From 1983 to 1985, Mengistu’s scorched earth campaign against the guerrilla fighters of the Tigray People’s Liberation Front (TPLF) and a massive drought unleashed a biblical famine on the country, killing anywhere from 200,000 to 1.5 million people.

Hundreds of thousands of people fled the murderous security forces and hunger. Photos of the emaciated children were broadcast around the world and drove rockstars like Bob Geldof to launch LiveAid in 1985. 

Some of the refugees fleeing Mr Abiy’s brutal military push today are walking the same paths trodden by those refugees.

Many carry little more than the clothes on their backs and their official papers. One young woman said that she had to flee the fighting so quickly that she left naked.

One 55-year-old man at the border, Mr Gebiezier from the city of Mai-Kadra, was arrested by the Derg regime in 1985 but managed to escape into Sudan where he lived for seven years in exile.

When asked how he felt about returning to Um-Rakoba camp, his shoulders slump dejectedly. “I’d rather come here than die there,” he said.

An envoy of African Union officials met with Mr Abiy this week in an attempt to help mediate in the conflict as the federal government prepares to attack Mekelle, Tigray’s regional capital of 500,000 people. Rights groups have warned that the assault could constitute a war crime.

In a statement following the meeting, Mr Abiy said only that the government was committed to the "protection and security of civilians", with no mention of talks with the TPLF to end the fighting.

Humanitarians are bracing for up to 200,000 refugees in the next few months and the sudden influx has caused alarm in Khartoum, Sudan’s capital.

A boat crossing the Tekeze River, helping refugees get to the other side - Joost Bastmeijer /The Telegraph
A boat crossing the Tekeze River, helping refugees get to the other side - Joost Bastmeijer /The Telegraph

Since Omar al-Bashir, Sudan’s Islamist dictator, was ousted by a popular revolution in April last year, the country has been led by a fragile alliance of civilian officials and powerful military factions.

On top of this, the country is in economic crisis: the price of bread has soared and queues at petrol stations can stretch for hundreds of metres. Now Sudan will have to house the refugees and tread a diplomatic tightrope with its powerful neighbour.

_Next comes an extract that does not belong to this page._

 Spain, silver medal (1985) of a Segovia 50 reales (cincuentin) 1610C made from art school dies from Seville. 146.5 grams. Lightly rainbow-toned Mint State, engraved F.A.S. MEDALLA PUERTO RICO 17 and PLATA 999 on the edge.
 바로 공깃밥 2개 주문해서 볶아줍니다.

However, the Sudanese people, who are famed for their hospitality, have reacted with generosity to the refugees. Multiple people told The Telegraph that they had been given food and free accommodation by local villagers, who are themselves among the poorest people in the world.

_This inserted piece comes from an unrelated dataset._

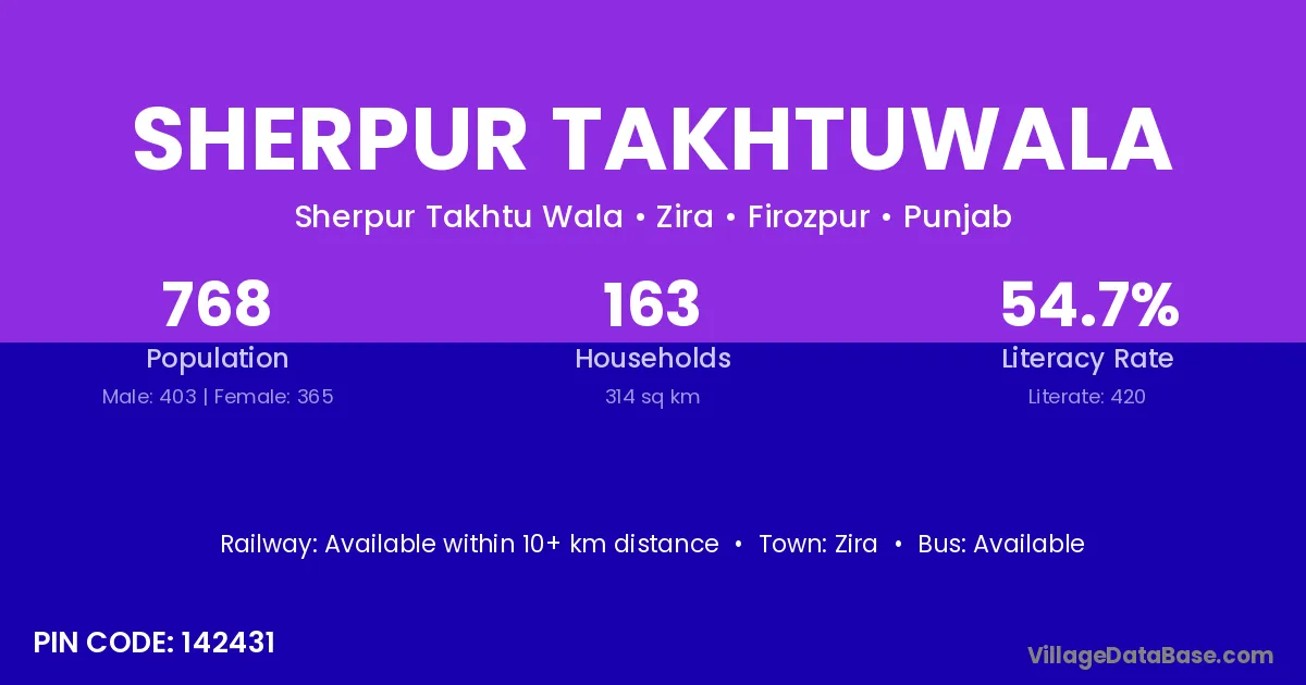 Zira is the nearest town to Sherpur Takhtuwala village for major economic activities

A woman inspects the coffee beans she has just roasted on a little fire in Sudan's Um Rakoba refugee settlement. Even though most people only had very limited space to bring their belongings when fleeing Ethiopia's brutal civil war, The Telegraph saw that many Ethiopians traveled to Sudan with their kitchen utensils and Ethiopian coffee beans.  - Joost Bastmeijer/The Telegraph

Um-Rakoba camp was closed 20 years ago. Now refugees, many of them teachers, civil servants and students, are busy building new homes out wicker, wood and tarpaulins in the empty fields.

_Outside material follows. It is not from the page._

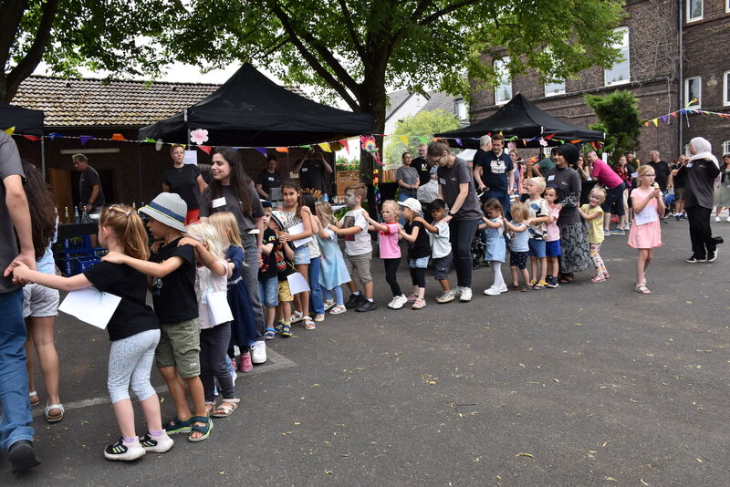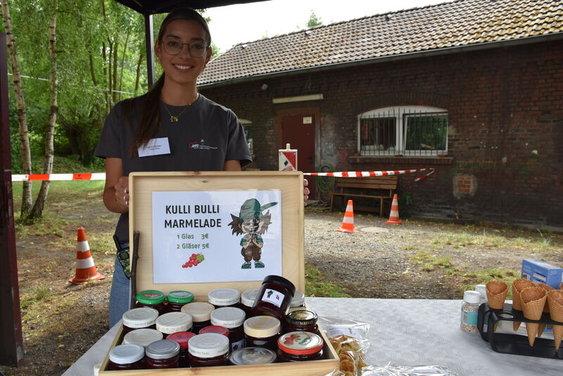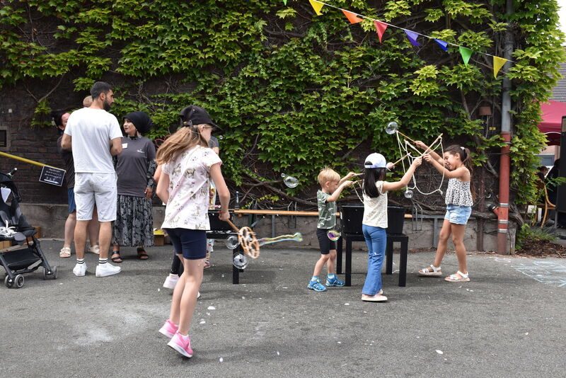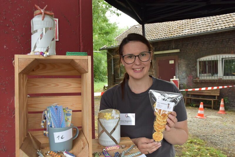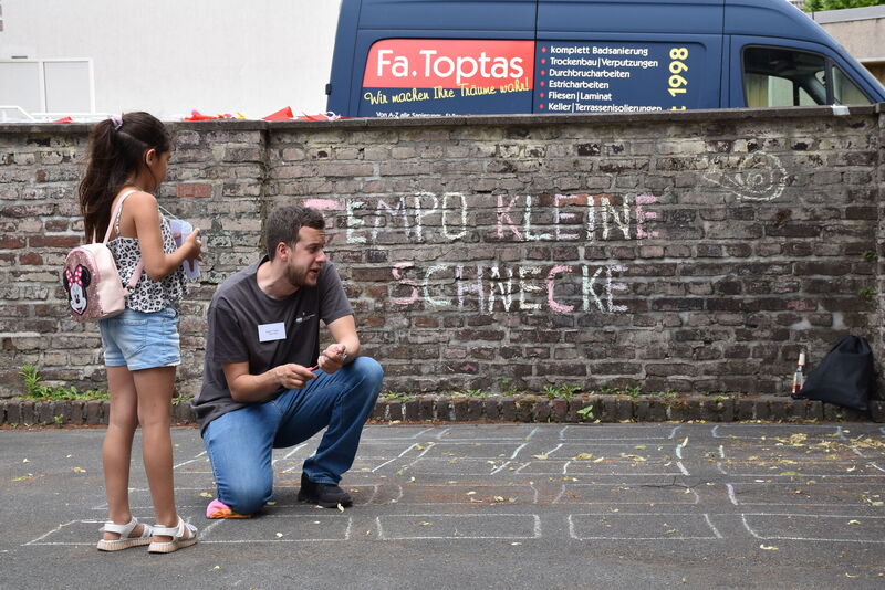 Klar, dass bei so einer Gelegenheit Attraktionen für die Kinder vom Seifenblasenstand über Aufklebe-Tätowierungen, Eierlaufen, „Tempo, kleine Schnecke“ oder Basteln Spiele noch und nöcher organisiert wurden. Auch für das leibliche Wohl von Waffel bis Bratwurst sorgten die Kolleg*innen und Ehrenamtlichen. An eigenen Ständen boten die beiden Häuser jeweils Selbstgebasteltes (Hans-Gipmann/u.a. Schlüsselanhänger) oder Hergestelltes (Kita/u.a. Johannisbeermarmelade) an.

Amid the chaos, some have managed to hold on to a small bit of home. Coffee-making is a revered art in Ethiopia and in the camps The Telegraph visited, several women were busy burning incense and grinding coffee beans.

Standing in the shade of his father’s tree, Mr Gidey allows himself a small laugh at the irony of it all. “I never thought I’d see this place again,” he says.